Executive Pay

Royal Commission and Governance of executive pay

Executive pay – an alternative view: Four reasons to see executive pay in perspective

By Simon Arcus

With the banking royal commission prompting talk of linking executive pay to greater risk and customer outcomes rather than financial performance, some are again questioning the size of executive pay packets. Equally, some question whether banks should have their profit motive de-prioritised when this is central to their existence and the efficient use of capital.

 Regardless of the metrics used, there are some pretty compelling reasons why the average exec salary can proportionately outpace the average worker…

A 2017 study by Australian knowledge hub The Conversation found that salary for all listed company CEOs is over ten times the annual wage of the average Australian. CEOs in the US are paid around 300 times the median employee wage, while in the UK the ratio is roughly 183:1.

At the top of the list in the United States, four CEOs earn more than 1,000 times the salary of their median worker.

Is comparing CEO remuneration with the average worker’s salary a fair reflection of the scale, risk and responsibilities of the respective roles?

The reality is that like all ratios, the CEO pay ratio to average worker is a piece of data. Taken in isolation it has limitations. What does it really tell us? How might it offer a solution to alleged imbalances, if at all? It may or may not include options, incentives and other tax advantageous arrangements. Also, we see ratio variety in different sectors and there can be good reasons for this.

The point is, there is no anchor ratio or ‘correct‘benchmark for pay that gives us a guide to explore the results. There was high anticipation when the CEO pay ratio was introduced in the USA recently but this has cooled off as analysts have struggled to determine its relevance.

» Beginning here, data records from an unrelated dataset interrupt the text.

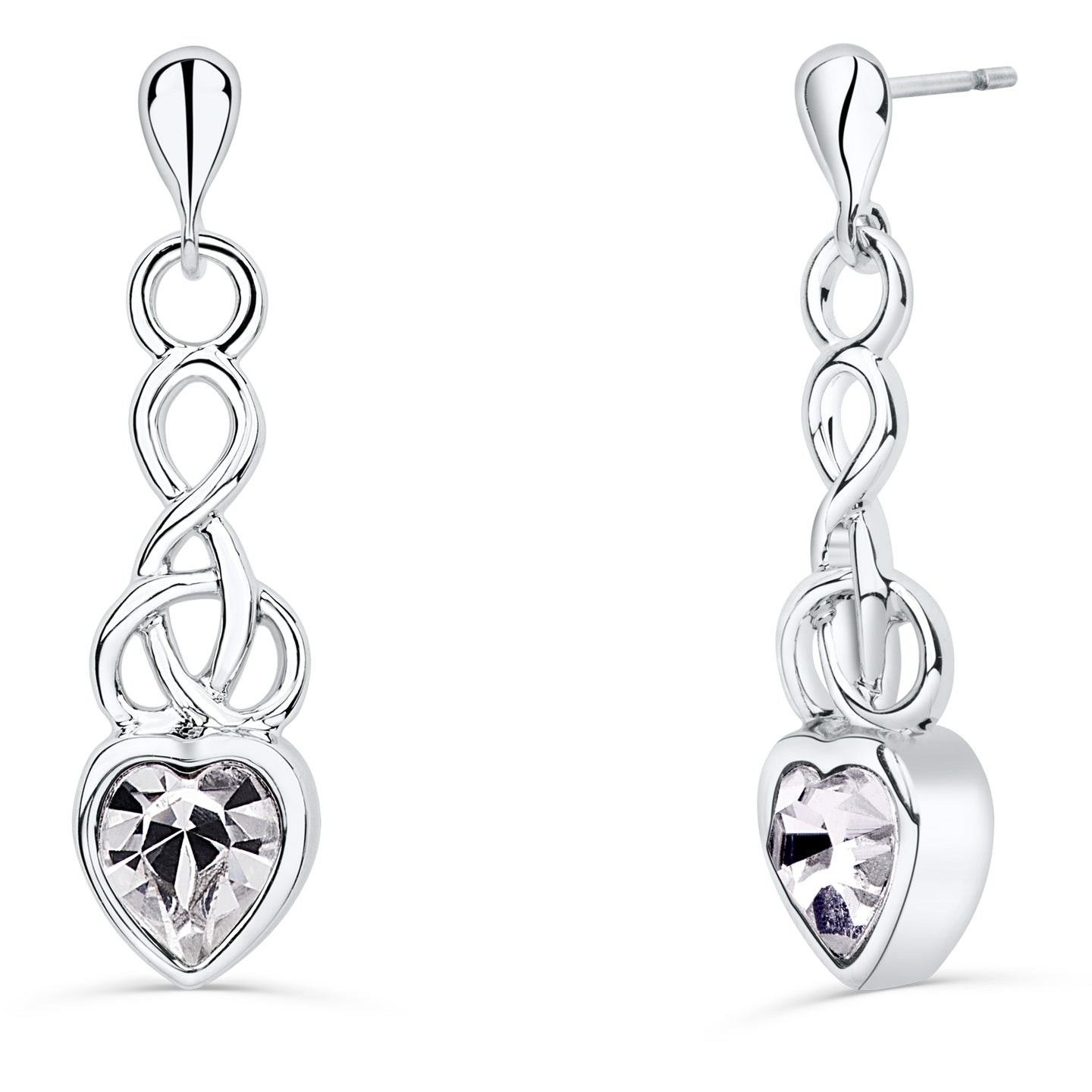 Elegant Celtic Knotwork Drop Earrings inset with a Clear Crystal Heart.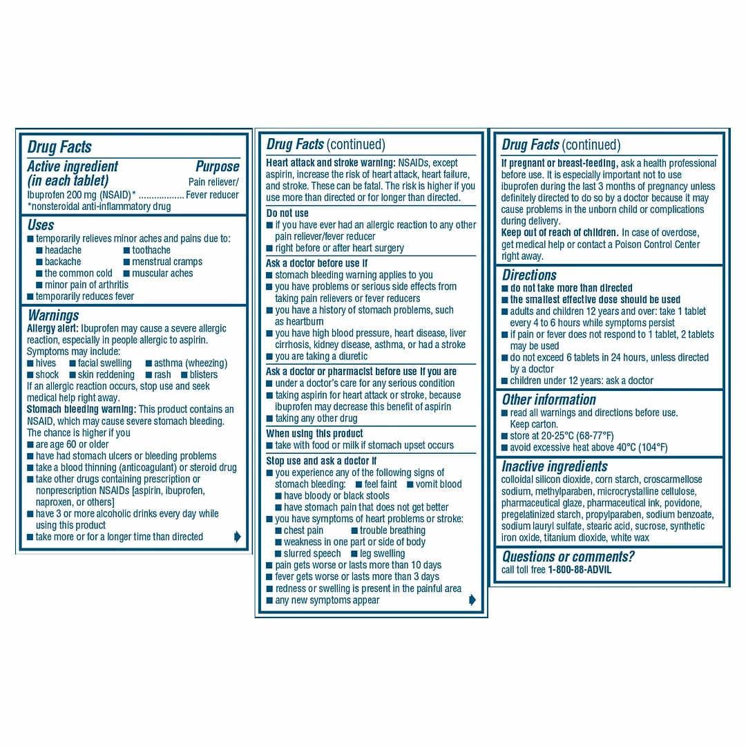 This pain medicine and fever reducer is scientifically designed to block the chemicals in the body that cause pain and fever. Each tablet contains ibuprofen 200mg, a non-steroidal anti-inflammatory drug (NSAID). Coated Advil tablets are easy to swallow, providing relief that lasts for up to 6 hours. One Advil is all it often takes for headache relief, muscle ache relief, joint pain relief or minor arthritis pain relief, and the medicine in Advil is what doctors use most for their own aches and pains. The world’s best-selling ibuprofen brand, Advil has provided safe, effective pain relief for over 35 years. Nothing’s stronger on tough pain than Advil. (1) (1) Among non-prescription analgesics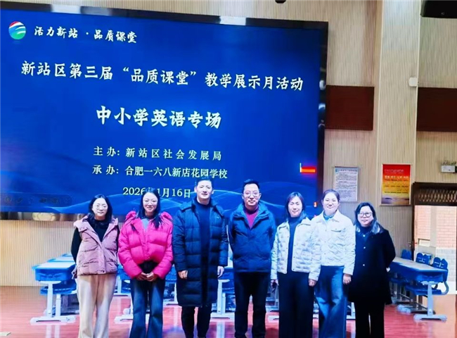 为落实新课标理念,研读新教材内涵,充分发挥名师示范引领作用,1月16日下午,新站高新区第三届“品质课堂”教学展示活动中小学英语专场,在合肥一六八新店花园学校小学部报告厅成功举办。全区一百余名中小学英语教师齐聚一堂,共赴这场聚焦教学、赋能成长的教研盛宴。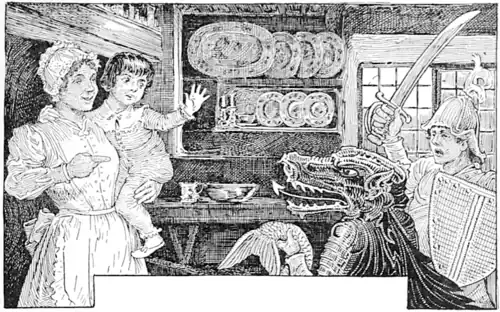 Here, at any rate, lived and stopped at home Squire Brown, J. P. for the county of Berks, in a village near the foot of the White Horse range. And here he dealt out justice and mercy in a rough way, and begat sons and daughters, and hunted the fox, and grumbled at the badness of the roads and the times. And his wife dealt out stockings, and calico shirts, and smock frocks, and comforting drinks to the old folks with the "rheumatiz," and good counsel to all; and kept the coal and clothes clubs going for yuletide, when the bands of mummers came round, dressed out in ribbons and colored paper caps, and stamped round the squire's kitchen, repeating in true singsong vernacular the legend of St. George and his fight, and the ten-pound doctor who plays his part at healing the saint—a relic, I believe, of the old middle-age mysteries. It was the first dramatic representation which greeted the eyes of little Tom, who was brought down into the kitchen by his nurse to witness it, at the mature age of three years. Tom was the eldest child of his parents, and from his earliest babyhood exhibited the family characteristics in great strength. He was a hearty, strong boy from the first, given to fighting with and escaping from his nurse, and fraternizing with all the village boys, with whom he made expeditions all round the neighborhood. And here, in the quiet, old-fashioned country village, under the shadow of the everlasting hills, Tom Brown was reared, and never left it till he went first to school when nearly eight years of age—for in those days change of air twice a year was not thought absolutely necessary for the health of all her Majesty's lieges.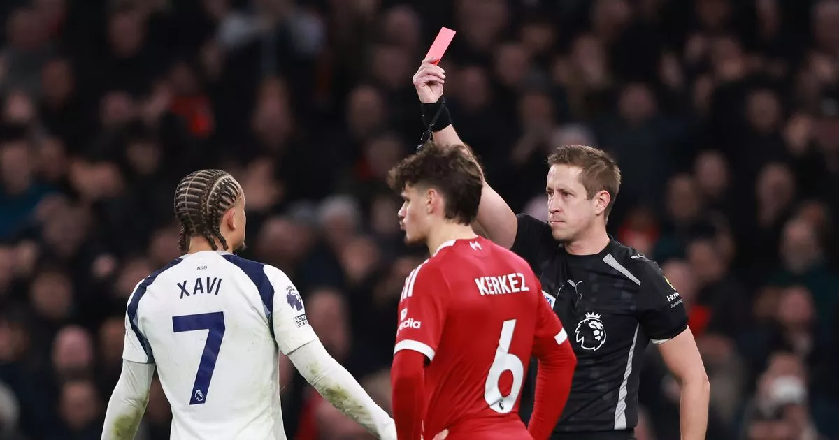 Xavi Simons bol vylúčený počas zápasu s Liverpoolom, ktorý Spurs prehrali 2:1, pričom rozkaz na pochod dostal aj Cristian Romero.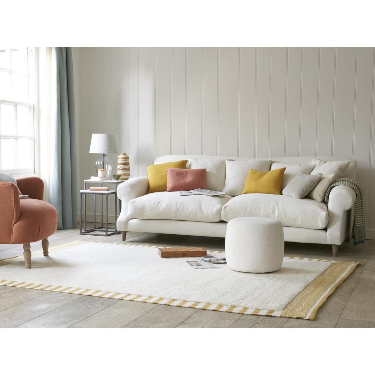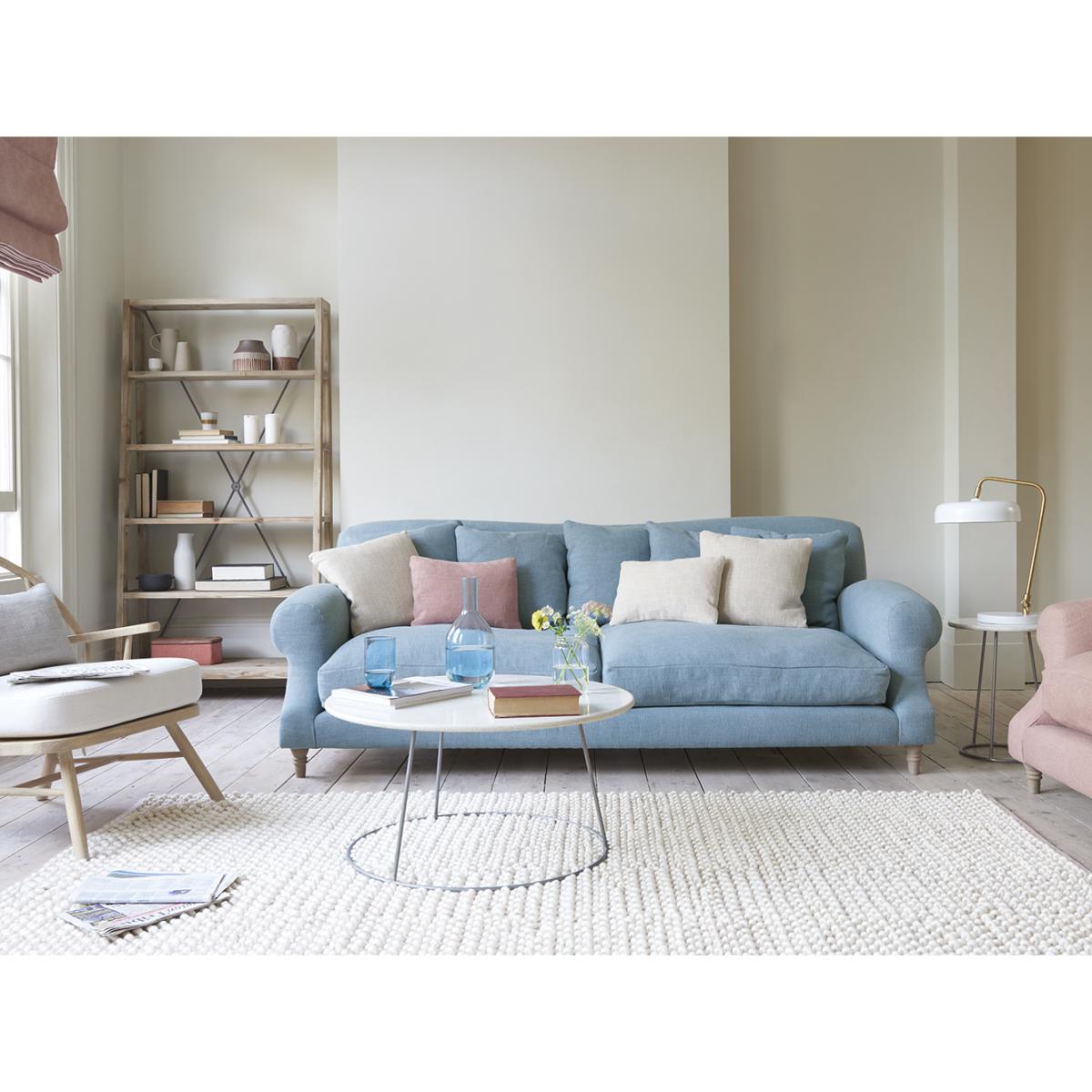 I really like the Crumpet, it’s a versatile piece that works well in both contemporary and traditional interiors thanks to its simple yet inviting design. The soft, rounded arms and comfortable cushions make it perfect for a family living room or a cozy sitting area. Styling tips include complementing it with textured throws and cushions in complementary colours or patterns to add visual interest. In terms of practical tips, pairing it with a striking rug underneath will anchor the space, while keeping accessories minimal will allow the sofa to remain the focal point. Its neutral tone also makes it easy to update with different décor themes over time.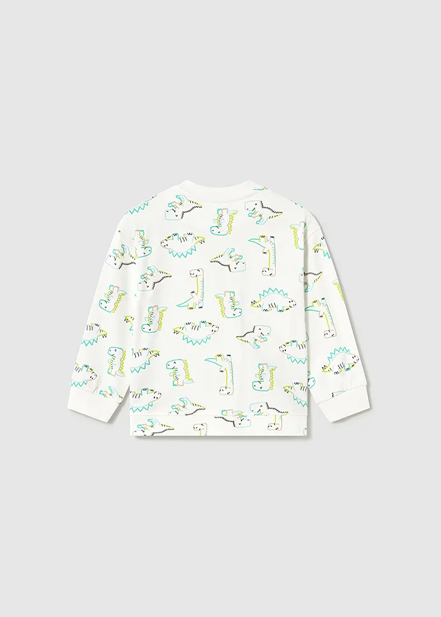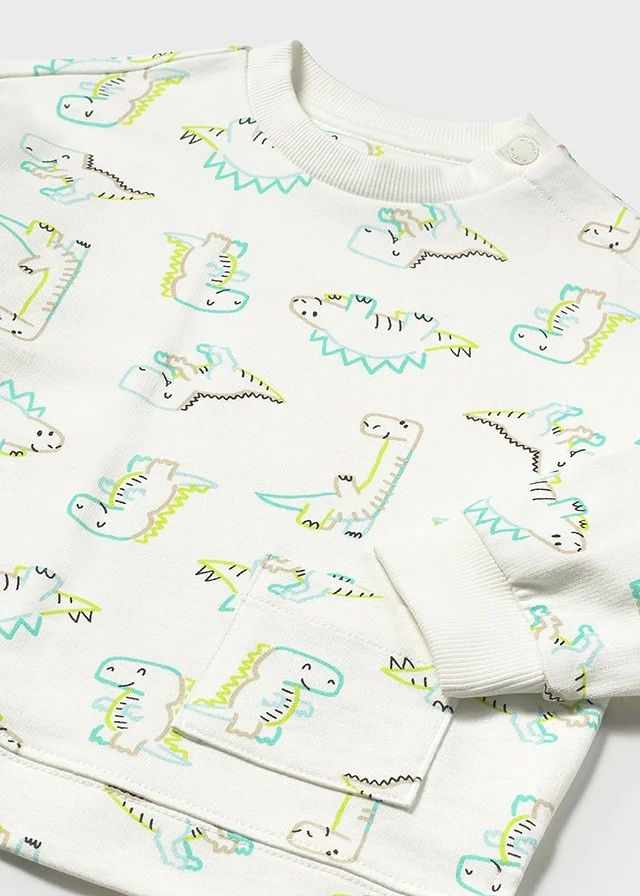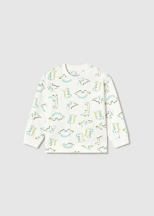 Sweater de manga larga para bebé. Cuello redondo. Botón a presión en el cuello para facilitar la puesta de la prenda. Suave tejido de algodón elástico. Bajo, puños y cuello de punto elástico para un mejor ajuste. Bolsillo funcional en la parte delantera. Diseño estampado. Al elegir nuestros productos de algodón estás apoyando nuestra inversión en la iniciativa Better Cotton. El algodón Better Cotton se obtiene mediante un sistema de balance de masas y no se puede rastrear físicamente hasta los productos finales. Sin embargo, los productores de algodón se benefician de la demanda de Better Cotton en volúmenes equivalentes.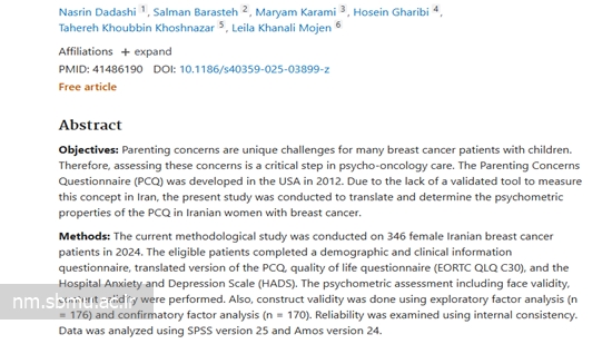 پادکست طرح پژوهشی با عنوان: Translation & psychometrics of the Parenting Concerns Questionnaire (PCQ) in Iranian woman with breast cancer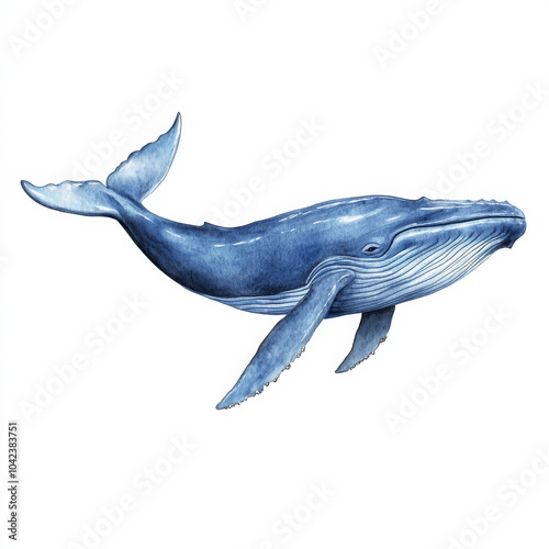A blue whale gracefully swimming in the ocean, hand-painted in watercolor, isolated on a white background. The majestic sea creature showcases the beauty and scale of the marine world, perfect for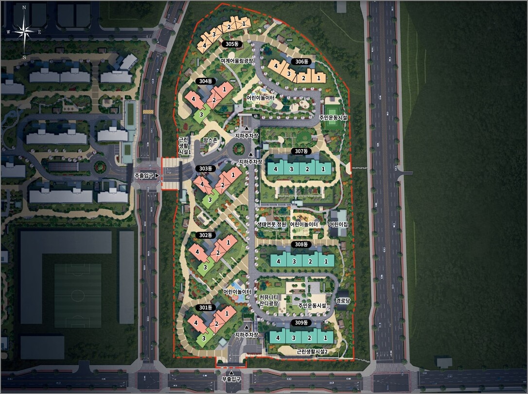 단지내 커뮤니티 시설은 다음과 같으니 아래의 사진을 참고해 주세요

Nevertheless, below are four reasons why it might be reasonable to loosen the binds that are used to tie them together:

  1. Proportionality: The CEO is disproportionately responsible for the success (or failure) of the organisation and his or her ability to impact the organisation is vastly more proportionate than that of an average worker. Both risks and benefits should be commensurate;
  2. Scalability: A CEO’s actions are scalable. For example, if the CEO improves corporate culture or drives operational efficiencies, it can be rolled out firm-wide, and the work has a greater impact on the organisation;
  3. Tenure: The CEO role is notoriously high risk and historically short lived. A PWC report in December 2016 found that the tenure of Australian CEOs now averages 5.5 years which was higher than the global figure of 5.3 years. Average figures disguise the considerable volatility that comes with the CEO seat; and
  4. Reputational risk: A CEO appointment is tied personally to reputation and career risk for the individual CEO. Consequences for failure in an organisation are manifold and often highly public. That includes loss of anticipated future earning such as stock options. The opportunity to seek and attain another chief executive role is closely tied to the incumbent role.

The above supports the position that putting CEO pay and average worker side by side is simply not relevant. That is, there is no principle or logic that states that CEO pay should be anchored to that of the average worker.

Proponents of this view say that discomfort over income inequality and CEO remuneration are conflating the two issues in error and CEO pay is an easy target because the figures are widely available for public companies and the salaries are typically high.

In addition, the market for suitably qualified and experienced CEOs is ever changing and highly competitive. The appointment of the CEO is often argued to be the most important decision a board will ever make, and the stakes are therefore high. Quality comes at a premium.

What we’ve seen in 2018, through the Banking Royal Commission and the events leading up to it, are executives that are not only responsible for leading their organisations well across a host of metrics, but increasingly to do so while being held up to intense public scrutiny.

Big risk, big reward? It will be interesting to see how APRA responds to steer positive behaviours at the top while still ensuring that those carrying the risk can be rewarded.

Governance and accountability

The final point is that we need to take the closest look at the board themselves. The most important influence over CEO accountability, pay structure and incentives is the board. They can hold executives accountable and make a call as to whether performance pay is deserved.  It may be that pay ratios are a symptom of a bigger challenge for boards: to ensure they spend more time thinking about pay structures and incentives and taking tough decisions when it comes to remuneration and accountability.